Hard-boiled crime writers like Dashiell Hammett, James M. Cain, and Raymond Chandler were vastly influential on a whole range of 20th century literature, except, I think, horror fiction. With their post-Hemingway style of terseness and understatement they seem to be the antithesis of horror writing. While these authors got their start in the pulp magazines of the pre-WWII era just like H.P. Lovecraft, it's only been within the last 10 or 15 years that Lovecraft has been taken seriously by more mainstream academics, literary critics, and taste-makers, while those crime novelists have been lauded for decades.

But I don't think it was until Falling Angel (Fawcett Popular Library 1982 edition above) that the genres of hardboiled crime and horror met, thanks to author William Hjortsberg. He has said he came up with the idea when in high school, winning an award for a short story whose first lines were "Once upon a time, the devil hired a private detective." Brilliant.

Set in a wonderfully-depicted New York City 1959, Falling Angel is the story of hard-boozing private detective Harry Angel ("I always buy myself a drink after finding a body.
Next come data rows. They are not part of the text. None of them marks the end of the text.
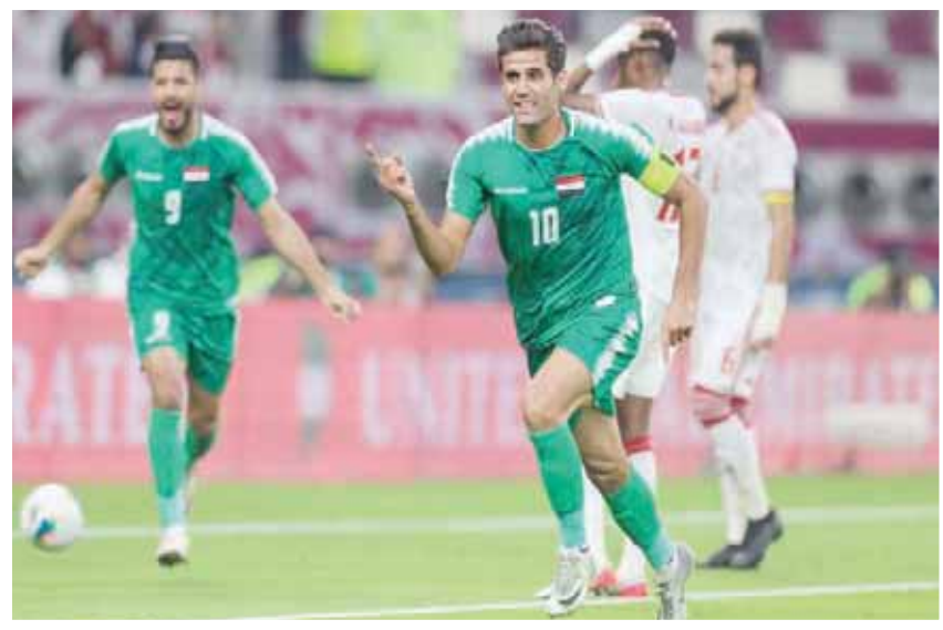
فرحة عراقية تكررت مرتين في شباك منتخب الإمارات

وعكف الجهاز الفني لـ «الأزرق» على دراسة الفريق العماني وأسلوب لعبه من خلال مشاهدة مباراة الأخير مع البحرين في الجولة الأولى والتي شهدت أداءً قوياً وحساسياً وفرصاً عدة للجانبين خاصة في الدقائق الأخيرة.
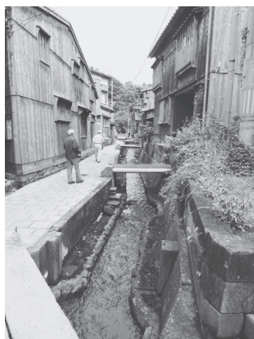
写真6：宿根木の家並み

その後、バスで宿根木のまち(町並み保存地区・宿根木)へ移動し、自由行動で歩いてみることにした。近世の廻船業としても造船業としても、必要であったに違いない「密集性」に特徴付けられた集落形態がみられた(写真6)。宿根木の説明によれば「約1ヘクタールの土地に百十棟の建造物を配置する高密度」とあり、石畳の狭い道を歩くとまさにタイムスリップして踏み込んでしまったような街並みがつづく。テレビドラマなどでよく見かける「三角家」(写真7)は密集した町の谷間に工夫を重ねて地形に合うように建てられた家であった。かつての町の
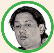
Por Jacobo Solano
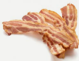
brynzový se slaninou
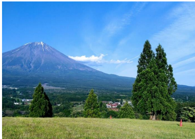
富士山 YMCA から 6 月の富士山を望む

シーズンのキャンプも準備が進んでいます。子どもたちがこの大自然の中で様々な体験をし、自分の価値を見つけ、将来はリーダーとして YMCA を支え、YMCA の活動や社会の担い手となることを願います。
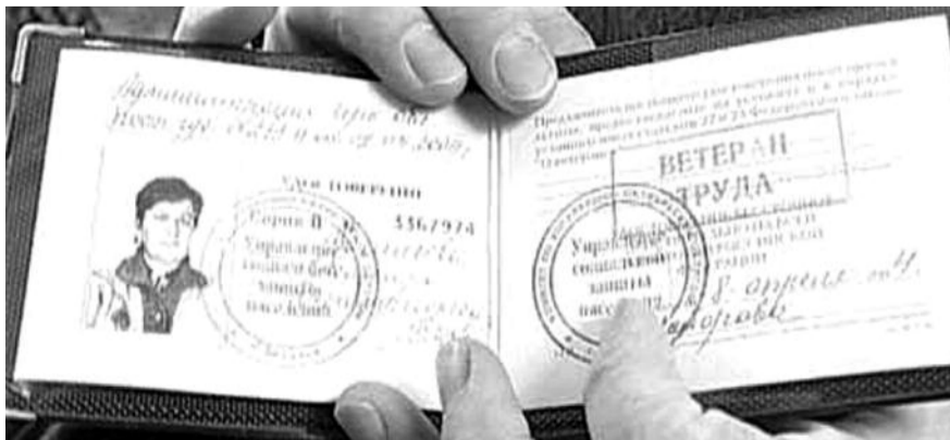
● НА ФОТО: СЕЙЧАС НОРМА О ВЕДОМСТВЕННЫХ ЗНАКАХ ОТЛИЧИЯ ПРОПИСАНА НЕОПРЕДЕЛЕННО
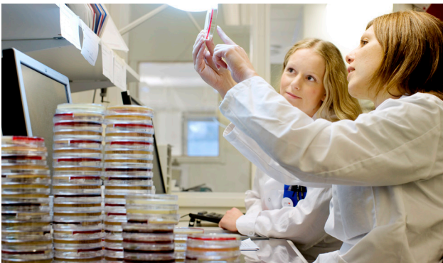
Avd. för Klinisk mikrobiologi, Unilabs, Skövde.
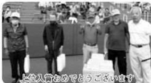
上位入賞おめでとうございます
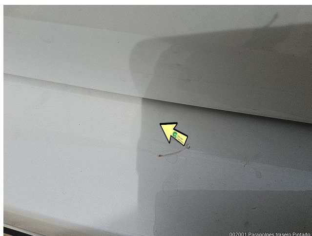
002001 Paragolpes trasero Pintado
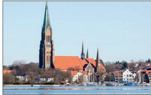
Das Gotteshaus wird zum großen Weihnachtsmarkt: Unsere Leser im berühmten Dom an der Schlei in Schleswig besonders stimmungsvolle Vorweihnachten mit vielen Ständen und weihnachtlicher Musik.

führt der Kurs Nord weiter zum berühmten Dom in Schleswig, wo ein traumhafter Weihnachtsmarkt im Herzen des großen Gotteshauses mit vielen weihnachtlichen Ständen aus Dänemark und Deutschland die Besucher begeistern wird. Am Nachmittag
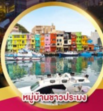
หมู่บ้านชาวประมง
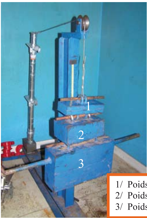
1/ Poids : 10 kg 2/ Poids : 30 kg 3/ Poids : 85 kg

It's an old family custom"), hired by the mysterious Mr. Cyphre to find the missing '40s crooner Johnny Favorite, a big band star very much like Sinatra. Horribly injured physically and psychologically while serving as an entertainer in the war, Johnny ends up in a VA hospital, but then disappears one night...

Inside 1979 UK paperback

Angel tracks down Johnny's former doctor, who then turns up dead; next Angel speaks to an old band member of Johnny's, "Toots" Sweet (but of course) who tells him Johnny was mixed up in voodoo and the black arts, can you dig it, and crossed ethnic barriers no one dared cross in the 1940s when he became the lover of a voodoo priestess. Toots ends up dead too. Horribly dead. You get the picture. Angel ends up involved with the priestess's daughter, Epiphany Proudfoot, a carnally-driven young woman who believes acrobatic sex is how we speak to the voodoo gods. Awesome.

1986 Warner Books

There's more; much more. Falling Angel is, in a word, spectacular. It's inventive while playing by the "rules" of detective fiction; it's appropriately bloody and violent; its unholy climax in an abandoned subway station is effectively unsettling and graphic. Hjortsberg knows his hard-boiled lingo and the New York of the time and makes it all believable. This is no humorous pastiche or parody; it's a stunning crime novel bled through with visceral horrors of the most personal and, in the end, damning kind.

Thursday, March 4, 2010

We Have Always Lived in the Castle by Shirley Jackson (1962): Everybody Has a Poison Heart

Shirley Jackson is one of the best "horror" writers ever and We Have Always Lived in the Castle (1962) is one of the best covers ever (thanks to artist William Teason). Something about the midnight blue and the girl's hands, her one staring eye and windswept hair, the kitty-cat ears and the title font (so reminiscent of Rorschach's journal) captivate me. Two young sisters, Merricat and Constance Blackwood, and their ill uncle live alone in an old house after the rest of the family had been poisoned years before. Slowly the real story of what happened to the family is revealed and why the townspeople view the Blackwoods with anger and suspicion. I love these kind of subtle chillers with creepy, maybe even murderous, young women as unreliable narrators.

See the black-and-white art of the current paperback edition with a more literal cover. Again, give me the strange evocative painting from the original paperback. "The Lottery" and The Haunting of Hill House are Jackson's more famous works, but We Have Always Lived in the Castle ranks right up there with them. A must-read!